### Aim of the task
Write out the entire listing below exactly as it appears, minus any pictures.

### Available data
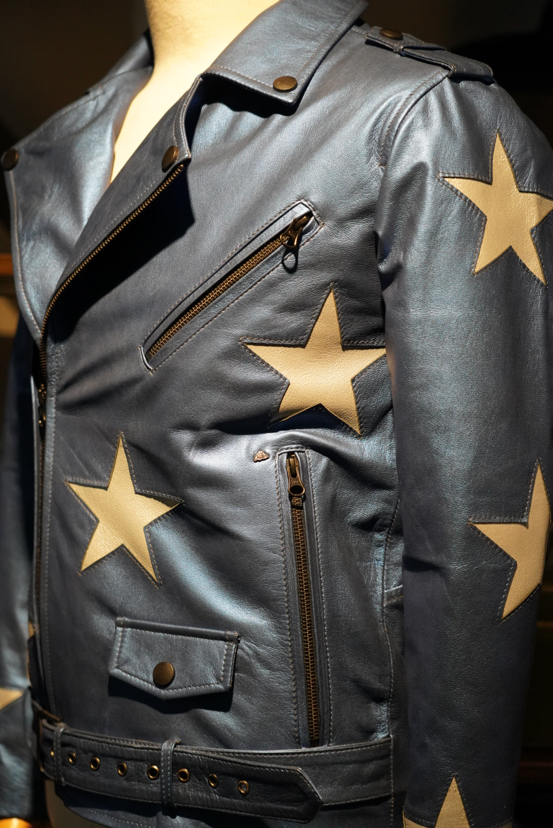 Chaqueta de Cuero Azul Metalizado Estrellas Bison
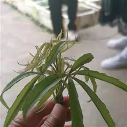 小苗出土后1个月可薄施腐熟人畜粪尿(腐熟人畜粪尿与水比例为1:20)或0.1%的复合肥水肥。4-5片叶可移植营养袋,营养袋的规格一般采用16厘米x16厘米,基质为20%火烧土加80%沙质壤土,最好选在阴雨天或下午移苗,种好后淋足定根水,再搭架用70%遮光网遮荫,待小苗恢复生长后去除遮光网。约移植1个月后即可施肥,一般施用复合肥或尿素,或两种肥交替施用,每15天施1次,先稀后浓,浓度一般为0.1%-0.3%,8-9月适当增施钾肥,浓度为0.3%,促其木质化,有利小苗过冬。
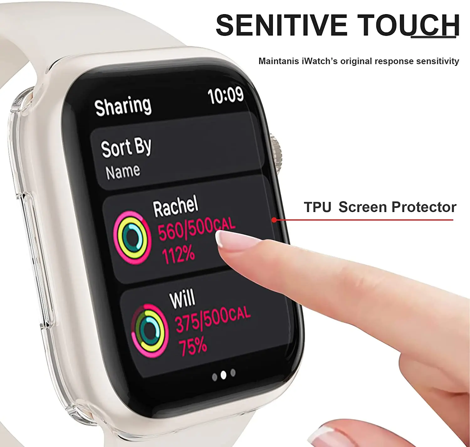 Защита экрана для Apple Watch Series 7, чехол 41 мм 45 мм, Мягкий бампер из ТПУ, полное защитное покрытие для iWatch 44 мм 40 мм 42 мм 38 мм

### Task answer
 Chaqueta de Cuero Azul Metalizado Estrellas Bison
 小苗出土后1个月可薄施腐熟人畜粪尿(腐熟人畜粪尿与水比例为1:20)或0.1%的复合肥水肥。4-5片叶可移植营养袋,营养袋的规格一般采用16厘米x16厘米,基质为20%火烧土加80%沙质壤土,最好选在阴雨天或下午移苗,种好后淋足定根水,再搭架用70%遮光网遮荫,待小苗恢复生长后去除遮光网。约移植1个月后即可施肥,一般施用复合肥或尿素,或两种肥交替施用,每15天施1次,先稀后浓,浓度一般为0.1%-0.3%,8-9月适当增施钾肥,浓度为0.3%,促其木质化,有利小苗过冬。
 Защита экрана для Apple Watch Series 7, чехол 41 мм 45 мм, Мягкий бампер из ТПУ, полное защитное покрытие для iWatch 44 мм 40 мм 42 мм 38 мм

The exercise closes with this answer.